Pourquoi les réacteurs sont-ils hors service?
Les réacteurs sont à l’arrêt pour maintenance planifiée, problème de corrosion sous contrainte, économie de combustible pour l’hiver ou diminution de la puissance à cause des fortes chaleurs.
Il n’y a pas de réacteur arrêté à cause de problème de refroidissement. Concernant les «problèmes de refroidissement», ces contraintes de températures de rejets et d’échauffement amont-aval (qui concernent toutes les centrales thermiques) visent à protéger les écosystèmes, et impactent essentiellement la production électrique des centrales situées sur des cours d’eau n’étant pas équipées de systèmes aéroréfrigérants permettant de refroidir suffisamment les eaux rejetées, sur quelques heures à quelques jours par an.
Le réchauffement climatique va accroître la probabilité de ces indisponibilités, mais ces effets futurs sont modélisés sur la base des scénarios du GIEC. À l’horizon 2050, la production perdue reste très faible (de l’ordre de 3% dans les scénarios les plus défavorables). Il existe des solutions techniques, et l’emplacement des futurs réacteurs peut être pensé en fonction de cette contrainte, en bord de mer plutôt que sur des fleuves.
Quand les tranches actuellement à l’arrêt devraient-elles être reconnectées au réseau?
EDF a indiqué que douze réacteurs seront remis en service en septembre, quatre en octobre et onze autres d’ici décembre. Par exemple, Gravelines 4 a été remis en service le 3 septembre. D’ici décembre seront aussi redémarrés les réacteurs arrêtés pour économie de combustible.
En Suisse, le fait que la production d’électricité en France soit réduite au cours de l’hiver prochain inquiète, car la France pourrait ainsi ne pas être en mesure de nous fournir de l’électricité. Quel est votre avis concernant ce scénario?

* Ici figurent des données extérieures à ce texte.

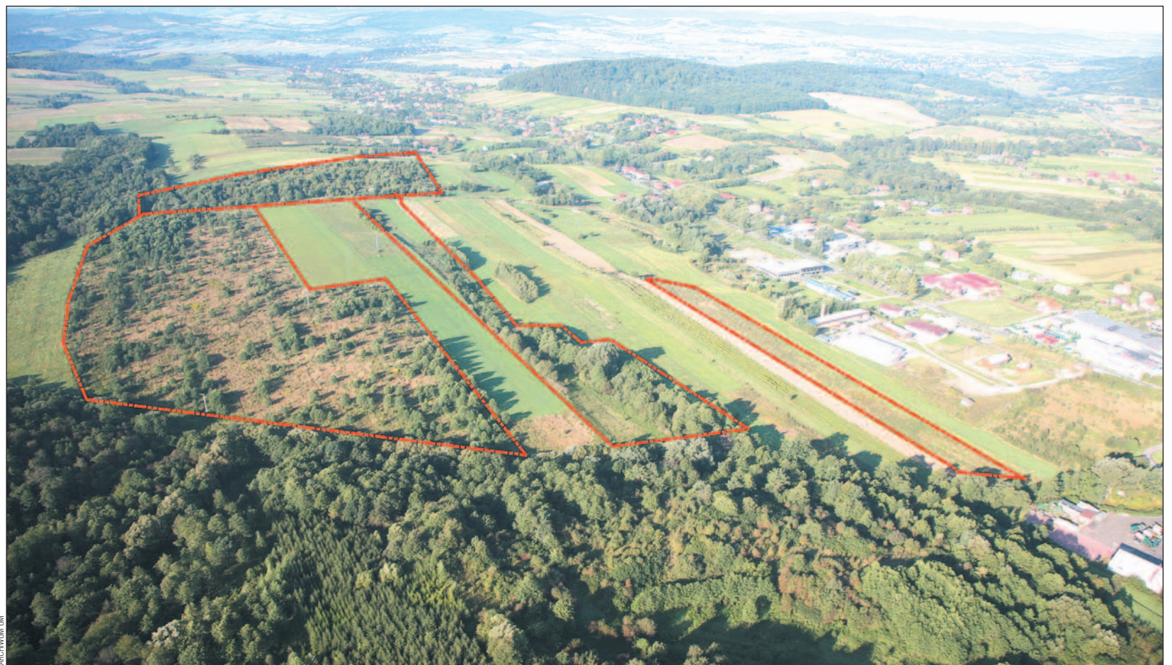
Pomysłów dla Sanoka nie brak, gorzej gdy zderzy się je z realiami, zwłaszcza finansowymi. Na zdjęciu: teren pod strefę przemysłową na Dąbrówce. Z góry wydaje się płaski, jednak w rzeczywistości jest mocno pagórkowaty i trudno dostępny.

Jednym z nielicznych „pewniaków” jest chodnik przy ulicy Zamenhoffa – Norwida. Ponieważ w grę wchodzi wybudowanie 435 metrów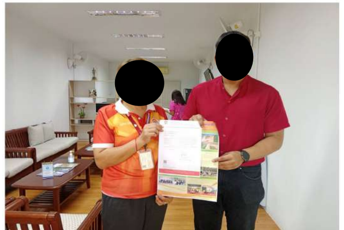
ตำบลเทศบาลบ้านจั่น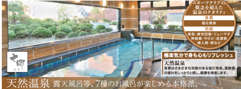
天然温泉 露天風呂等、7種のお風呂が楽しめる本格派。

シニア&ビギナーコーナー ボタンで簡単にウエイト調整。初心者やシニアにも安心な筋トレコーナー。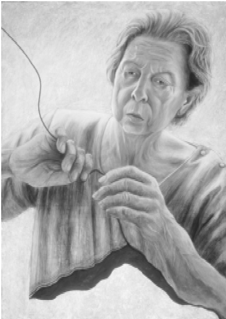
Deshilado, acrílico sobre tela, 137 x 190 cm, 1999.

de los famosos círculos de calidad o calidad total en el interior de una planta; en realidad se refiere a aplicar este sistema en la colaboración entre diversas empresas, instituciones y personas. Incentiva a cuestionar por qué no aplicamos la metodología de calidad total no solamente a lo que hacemos en el interior de nuestra empresa sino también al trabajo con otras empresas e instituciones.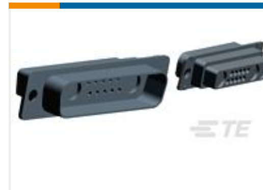
TE 产品编号208810-2 PLUG ASSY,COAX MIX,AMPLIMITE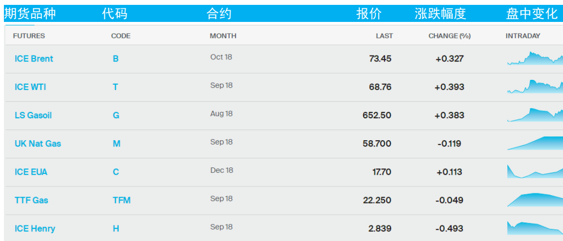
表 1：ICE 洲际交易所主要原油期货当日报价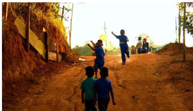
Figura 7 - Crianças soltando pipa próximo a Quadra 13 - Rosa Leão

Os “pedaços” são formados por pessoas de vivem próximas, e uma das características das ocupações é a proximidades dos parentes, ou seja, os vizinhos muitas vezes também são primos. A presença de muitas crianças acaba por contribuir para a formação de núcleos de brincadeiras. Geralmente há um adulto por perto assistindo, mas não há um controle e imposição das atividades exercidas.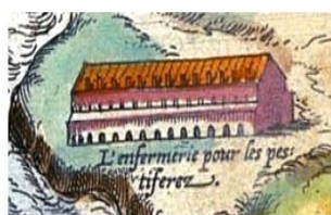
Plan de 1575 : Infirmeries pour les pestiférés.

Un débat, très animé, s'est ensuite concentré sur le « mur des Catalans », vestige du Lazaret édifié dans ce quartier en 1558. Une étude comparative de plans de la ville au fil du temps nous a permis de démontrer que des arcades constitutives d'un des murs de cette « infirmerie pour les pestiférés » (plan de 1575) ont subsisté lors des nombreuses transformations intervenues au cours du temps ; elles étaient encore visibles à l'intérieur de l'usine Giraudon où nous avons pu les photographier, en place, juste avant ce jour de novembre 2018 où les pierres qui les constituaient ont été retrouvées dans une benne du chantier!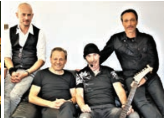
Le Tribute U2 a investi la scène en interprétant les tubes du célèbre groupe irlandais U2. Ils ont repris tous leurs grands standards pour le plus grand bonheur des spectateurs

Dans la continuité du festival de théâtre revisité avec une programmation étalée sur l'année entière, les Seichanais ont assisté à plusieurs pièces :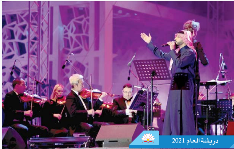
دريشة العام 2021

وهناك برنامج لكل القدرات، وهو مبادرة تدعم أفراد المجتمع من ذوي القدرات المختلفة للانخراط في أنشطة رياضية وتنموية، وإتاحة الفرص لأفراد المجتمع لدعم البرنامج عن طريق التطوع، ويتضمن البرنامج مخيمات متخصصة، وفصولاً لكرة القدم والسباحة توائم الاحتياجات الفردية للأفراد المشتركين.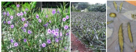
Gambar 1. Daun Bunga Ungu

Buka gulungan kain dengan melepas terlebih dahulu plastik yang membalutnya. Daun diambil dari kain untuk menghasilkan motif yang diharapkan sesuai dengan bentuk daun.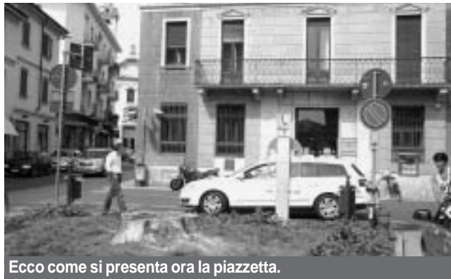
Ecco come si presenta ora la piazzetta.

consueti giri abbiamo notato che si sta costruendo una pista ciclabile accanto alla strada che porta alla Sforzesca. Non le sembrano soldi buttati? Infatti una pista percorribile già esiste da tempo immemorabile: via Rebuffi appunto. Bastavano alcuni accorgimenti e il gioco era fatto. Lontano dal rumore, dal traffico e dal pericolo di essere travolti dalle auto che, su quel lungo rettili-

La réduction éventuelle des exportations vers la Suisse ne peut être exclue du fait des incertitudes encore existantes sur la capacité pilotable réellement utilisable, en particulier si l’hiver est froid, d’une part, et, d’autre part, des difficultés attendues en Allemagne et en Italie, qui seront prioritaires du fait des règles de solidarité au sein de l’UE.
Comment la population française perçoit-elle la situation actuelle de ses réacteurs?

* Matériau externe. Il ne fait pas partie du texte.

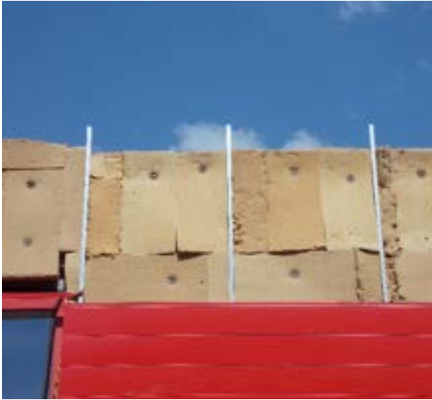
21. Mise en œuvre fantaisiste d'un isolant en fibre de bois : risque de ponts thermiques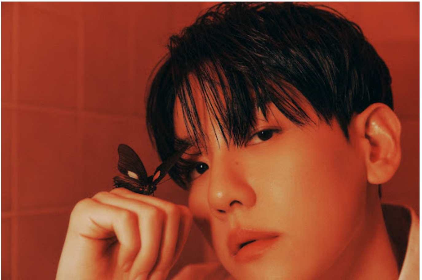
Baekhyun EXO

Para penggemar antusias menantikan perilisan mini album “Hello, World” dan penampilan yang akan disajikan oleh Baekhyun.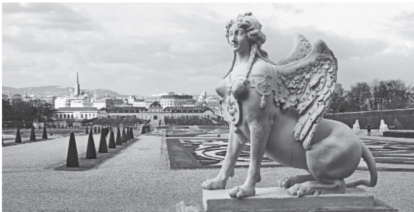
Palác Belvedere princa Eugena Savojského, baroková pamiatka na víťazstvo nad Turkami

kopci si Turci počas posledného veľkého boja východu proti západu rozložili pri obliehaní Viedne svoj tábor. Zelená strecha Bevederu, vypínajúca sa do výšky, pripomína ich stany, trepotajúce sa vo vetre.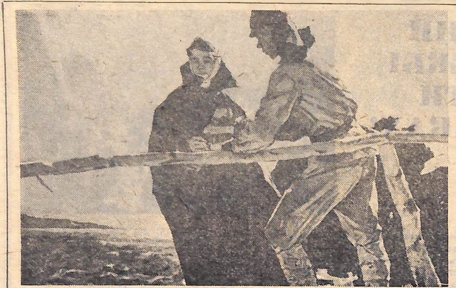
У Києві відкрилася ювілейна художня виставка УРСР, на якій експонуються кращі твори, підготовлені художниками до 50-річчя Жовтня. На фото: картина художника В. Г. Путейка «Червона гвоздика».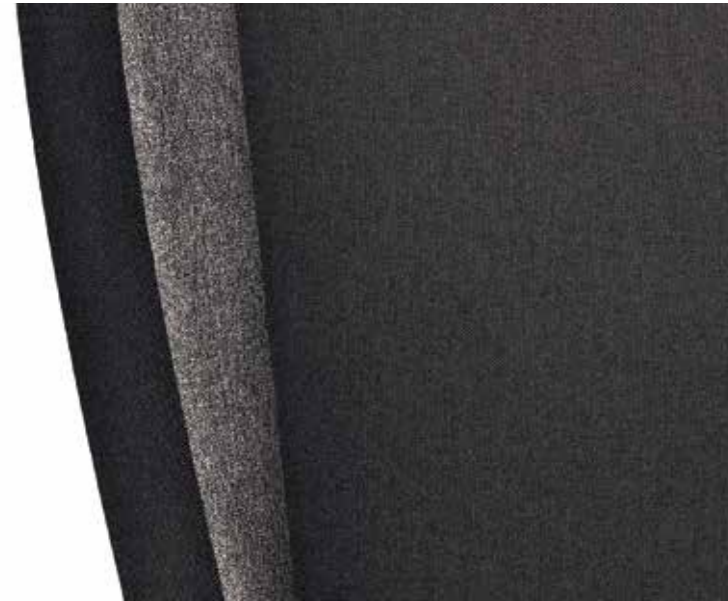
Active crna (tkanina)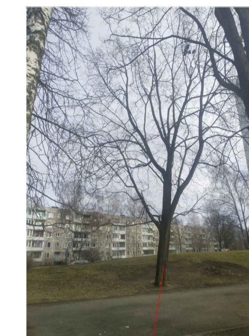
kļava \varnothing 55 cm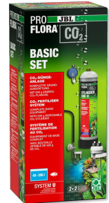
JBL PROFLORA CO2 BASIC ZESTAW U Instalacja nawoż. CO2. Podst. kompl. zestaw do roślin akwa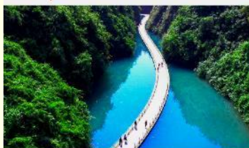
ขุนเขาสิงโต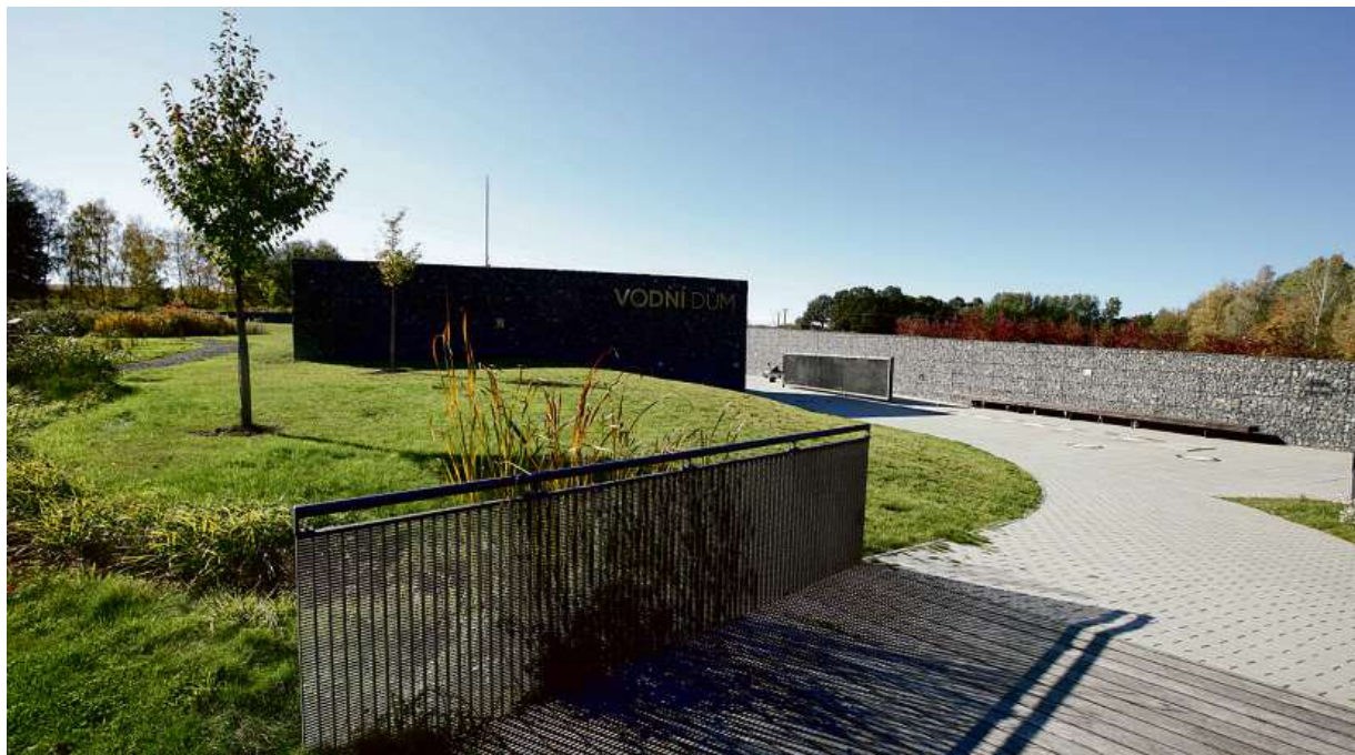
Z dálnice D1 sjeďte na sjezdu Soutice (Exit 56), pak už jsou to k Vodním domu jen čtyři kilometry.

Samotná expozice Vodního domu je navržena tak, aby učila prostřednictvím neobvyklých zážitků a zajímavých pozorování, jejichž iniciátorem je návštěvník. Významnou roli zde hrají všechny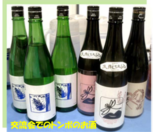
交流会でのトンボのお酒

解決の糸口を見つけてくれるかもしれません。そんな期待を抱かせてくれた今回のサミットでした。来年は愛知県豊田市が会場です。ぜひ行ってみたいと思います。(銀)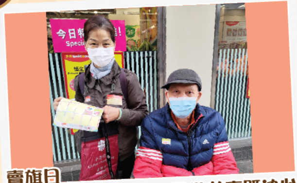
賣旗日 天氣再凍都唔影響我地做善事既決心

Les Français sont surpris que plus de la moitié des réacteurs soient actuellement à l’arrêt. Il se posent légitimement des questions: est-ce à cause de la canicule (et donc est-ce qu’il y a une incidence sur la sûreté?), à cause du manque d’investissements dans le secteur, à cause de l’âge des réacteurs ou à cause d’EDF?

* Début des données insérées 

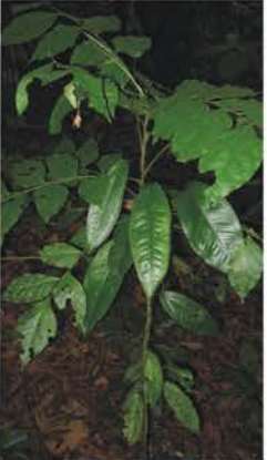
Picramniaceae Picramnia latifolia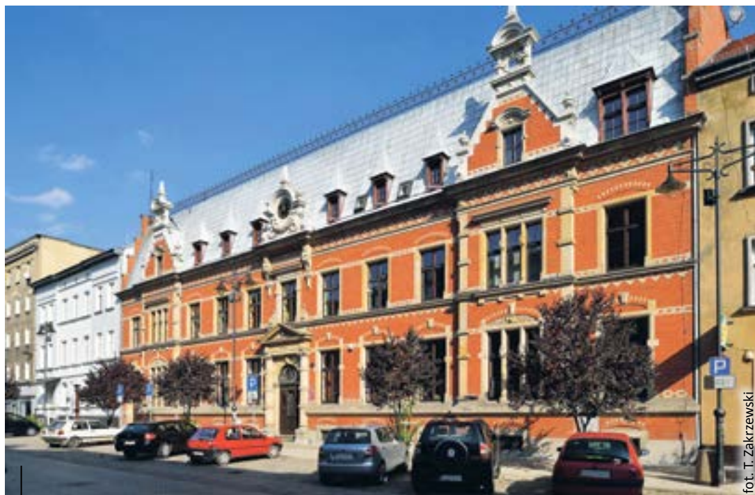
Plac Inwalidów Wojennych 12 – to siedziba Zakładu Gospodarki Mieszkaniowej

Otrzymanie mieszkania z zasobów komunalnych miasta umożliwia tzw. lista roczna opracowywana w oparciu o przepisy prawa miejscowego. To szansa dla tych, których sytuacja finansowa bądź życiowa nie pozwala na zakup własnego „m” lub wynajem konkurencyjny. Dotyczy to obecnie około 550 gliwickich rodzin. Pierwszeństwo w przyznaniu mieszkania mają dzieci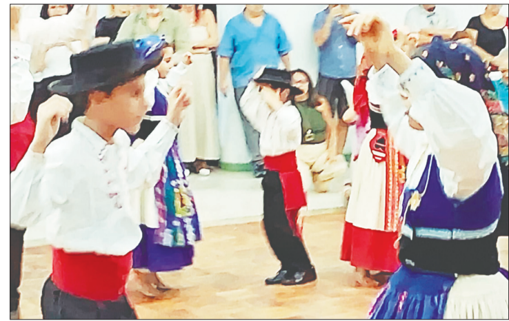
Um verdadeiro show proporcionado pelo Rancho Juvenil da Casa do Minho

Une grande partie des réacteurs étant arrêtée pour de la maintenance courante (ce qui est souvent le cas l’été pour pouvoir ensuite passer l’hiver avec le moins d’arrêts possible), un grand nombre vont pouvoir redémarrer d’ici décembre comme l’ont annoncé le gouvernement et EDF.
De manière générale, une prise de conscience du grand public sur l’importance de l’énergie dans nos vies s’opère et vient donc questionner les choix énergétiques des dirigeants ces dernières décennies: les questions qu’ils se posent portent en particulier sur le maintien d’un socle nucléaire fort et de la fin de la dérive folle des prix de l’électricité.
Ces évènements et les circonstances qui les entourent doivent inciter dirigeants et population à aborder la question des mix énergétiques futurs avec plus de considération donnée aux réalités physiques: que peut-on vraiment attendre des changements de comportement ayant une incidence sur la consommation et à quelle vitesse? Doit-on vraiment compter sur les innovations espérées pour assurer le socle de production? La solidarité entre pays doit-elle seulement être de recevoir, et qu’adviendra-t-il si tout le monde reçoit et personne n’est en mesure de fournir de l’énergie?
Le rôle critique que joue l’énergie devrait imposer que sa planification se fasse sur la base de la minimisation des risques et des paris. Un tel exercice a été réalisé sur la France par l’association les Voix du Nucléaire sous la forme d’un scénario construit volontairement sur la base d’hypothèses pessimistes, augmentant ainsi les chances de voir se réaliser une production énergétique véritablement fiable, décarbonée et souveraine quelles que soient les circonstances. Nous nous proposons de partager les résultats de cet exercice avec nos voisins suisses pour que chacun bénéficie des retours des autres sur la question.